Current psychiatric illness was investigated using a self‐completed computerized version of the Revised Clinical Interview Schedule (CIS‐R)17 which has been designed to record psychiatric morbidity in primary care and was used in the Wessely studies.

Outcome measures

Wessely's method of analysing the data from the questionnaires was used to construct the Centers for Disease Control (CDC) 1994 criteria for chronic fatigue syndrome.8 Subjects scoring four or more using the traditional scoring system for the fatigue questionnaire were designated as fatigued. Subjects designated as fatigued on the fatigue questionnaire and describing fatigue >50% of the time for 6 months were described as having idiopathic chronic fatigue (ICF). Patients satisfying the criteria for idiopathic chronic fatigue, and in addition having functional impairment and four or more of the CDC, defined additional symptoms were designated as having CFS. Strict operationalization of the CDC definition of fatigue requires that comorbidities that might explain fatigue are sought and that ‘pure’ fatigue syndromes are those occurring in comorbidity‐free subjects. Parametric comparisons of means were made by paired t tests, and comparisons of proportions by the McNemar test. In addition to measuring psychological distress with the GHQ, the Revised Clinical Interview Schedule was used, with a cut‐off of 12 indicating likely psychological ill health, and attempts were made to identify patients with prior mental health problems by asking if patients had had ‘previous nerve trouble’.

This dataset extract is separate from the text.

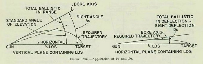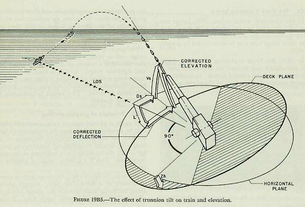 | 19B8. Computing bore offsets The angles by which the gun bore must be offset from the line of sight in order to hit the target are sight angle (Vs) in elevation and sight deflection (Ds) in train. Figure 19B2. 19B9. Sight angle The chapter on exterior ballistics presented the method of determining the vertical angle by which the bore axis of the gun must be offset from the line of sight. This angle is made up of the standard angle of elevation (column 2 of the range table), plus the angular equivalent of the total ballistic correction in range, plus the angular equivalent of range spots. In fire control, this angle is called sight angle (Vs). It should be noted that one of the largest components of the range ballistic correction is normally the correction in range for relative motion of own ship and target. 19B10. Sight deflection The horizontal angle by which the bore axis must be offset from the LOS is the angular equivalent of the total ballistic in deflection plus any deflection spots. The details of this computation were also covered in the chapter on exterior ballistics. Again, a large part of sight deflection is normally the correction for relative motion of own ship and target. 19B11. Counteracting the effects of deck inclination Inclination of the deck with respect to the horizontal can be considered to be made up of two components, one in the plane through the line of sight, the other in a plane perpendicular to this plane through the line of sight. The first is relatively easy to counteract, since it affects only gun elevation. By keeping the line of sight on the target as the deck moves, the gun axis is maintained in its proper position. The deck inclination across the line of sight is more difficult to counteract. |

The study protocol was approved by the East Birmingham Local Research and Ethics committee.

Results

The home questionnaire

The original outbreak in 1989 involved 147 Coxiella‐exposed subjects (Q‐exposed) and Figure 2 shows the cohort's follow‐up to 1999. By 1999, 19 (12.9%) had died leaving 128 survivors. Table 1 shows the age at death and cause of death in the patients who died. Of the 128 surviving Q subjects, three had emigrated, leaving 125 survivors in the UK of whom 115 were traced and contacted: 110 replied and agreed to take part in the study (response rate from traced subjects 96%). Of these, 108 returned the home questionnaire, allowing 108/128 survivors (84%) to have an initial fatigue classification. Two subjects attended hospital but never returned the home questionnaire, so their fatigue status could not be determined. Of the 108 Q subjects, 70 (64.8%) were fatigued and 38 (35.2%) were fatigue free.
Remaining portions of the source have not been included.